Which region do you mean exactly? I mean, rto < TCP_RTO_MIN should be
impossible by definition, shouldn't it?
However, there are differences between new and old timing, which maybe
should be discussed. The new timeout values can deviate from the old 
approach by up to the value of the last actual RTO. Consider following:

retries2 is set to 15 and MIN_RTO/MAX_RTO are 0.2 and 120 seconds,
respectively. retrans_timed_out() calculates 924.6 seconds as timeout,
regardless of the actual RTO. Assume, that rtt measurement calculates
0.4 seconds as RTO before connectivity breaks.
An unpatched TCP - as well as patched TCP without ICMPs - will do the
standard backoff procedure and fire it's 15th retransmission after 924.4
seconds, i.e. 0.2 seconds before the calculated timeout of 924.6 seconds.
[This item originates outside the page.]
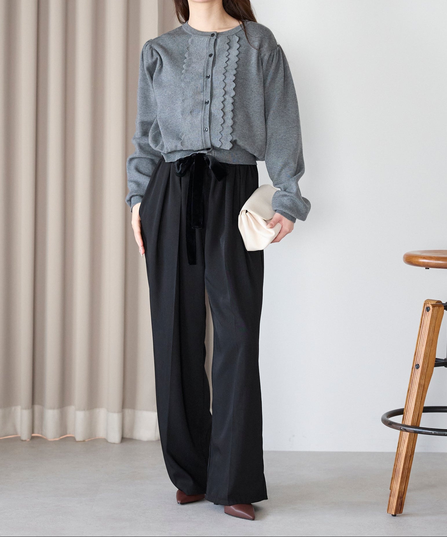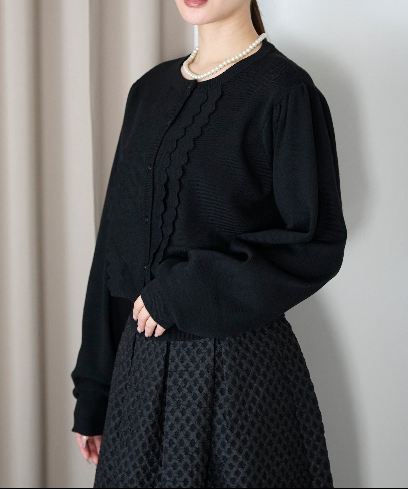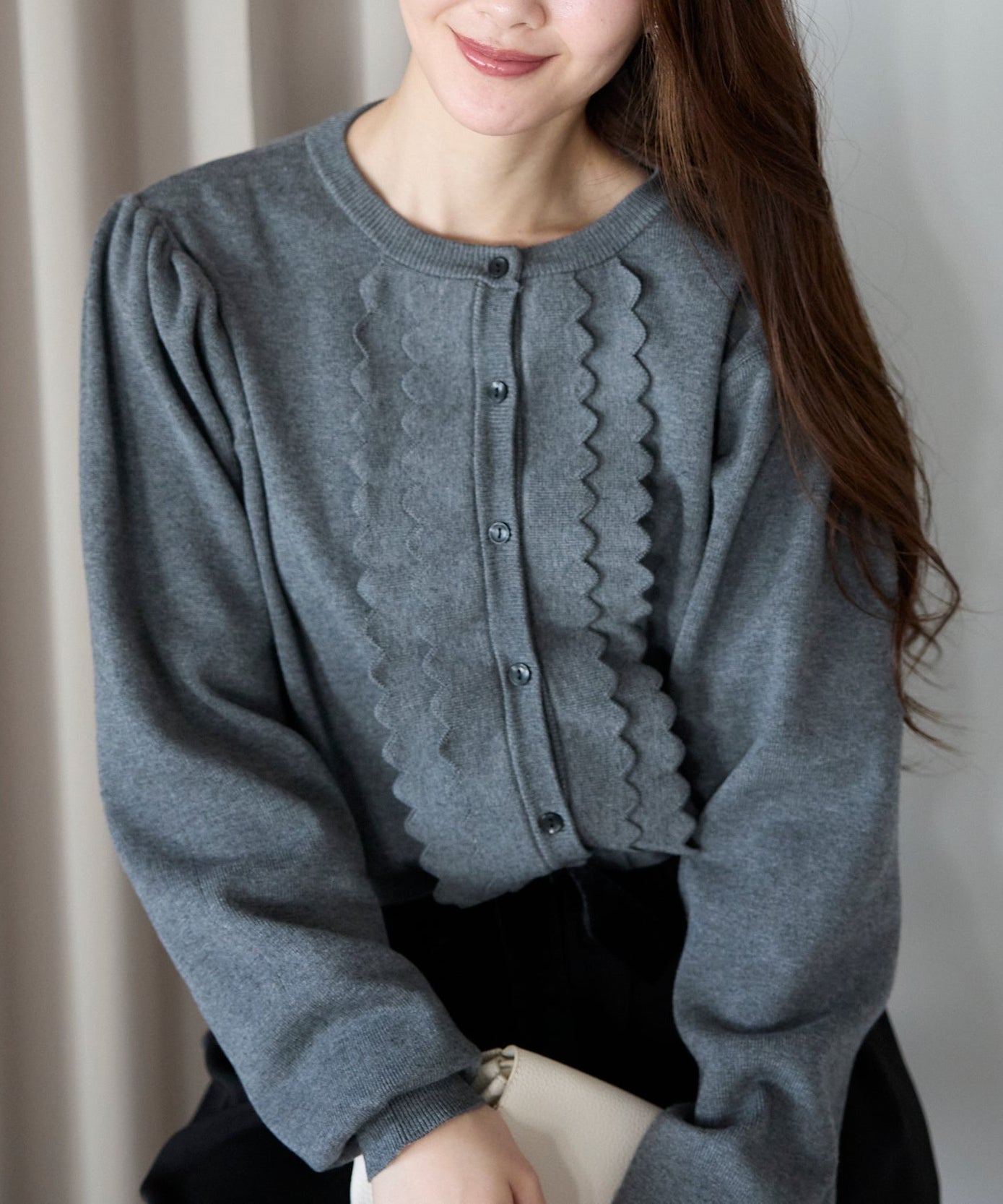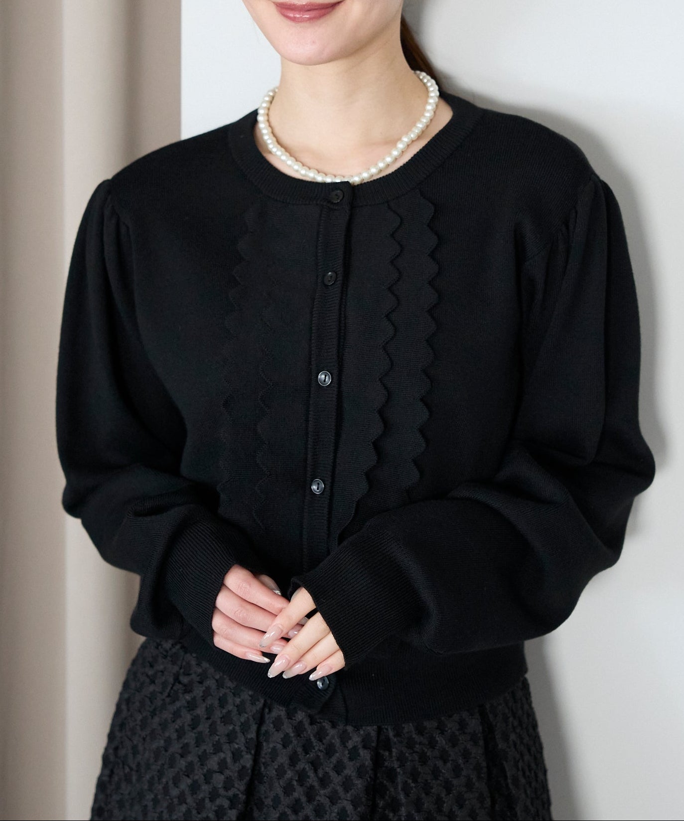 繊細なスカラップフリルが、装いにやさしい華やぎを添えるニットカーディガン。

Then, patched TCP will wait for the next RTO, before checking again if the
timeout expired - and will finally time out 119.8 seconds later
than calculated. However, unpatched TCP will also wait until the 16th RTO
(924.4 + 120 seconds) and then time out. So in this case, the effective
timeouts for unpatched and patched TCP without ICMPs are the same, though
not intended by retransmits_timed_out().

On the other hand, when ICMPs will revert backoffs, patched TCP will
time out somewhere nearby the calculated value.

So one can say the following:
Since retransmits_timed_out() does always underestimate the effective timeout
of an unpatched TCP (it assumes initial RTO == MIN_RTO), the higher effective
timeout of the patched TCP (compared to the calculated) is not too bad, if
compared to the effective unpatched timeout, instead.
When consecutive RTOs remain small due to reverts, the effective timeout
will be closer to the calculated one.

I have made a simple test with a netem delay of 30ms at the sender,
and retries2 set to 6:
Unpatched TCP times out after ~29.7 seconds,
patched TCP without ICMPs also after ~29.7 seconds,
and patched TCP with ICMPs after ~25.6 seconds.

The same scenario but with netem delay of 150ms:
Unpatched TCP times out after ~46 seconds,
patched TCP without ICMPs after ~45 seconds,
and patched TCP with ICMPs after ~25.9 seconds.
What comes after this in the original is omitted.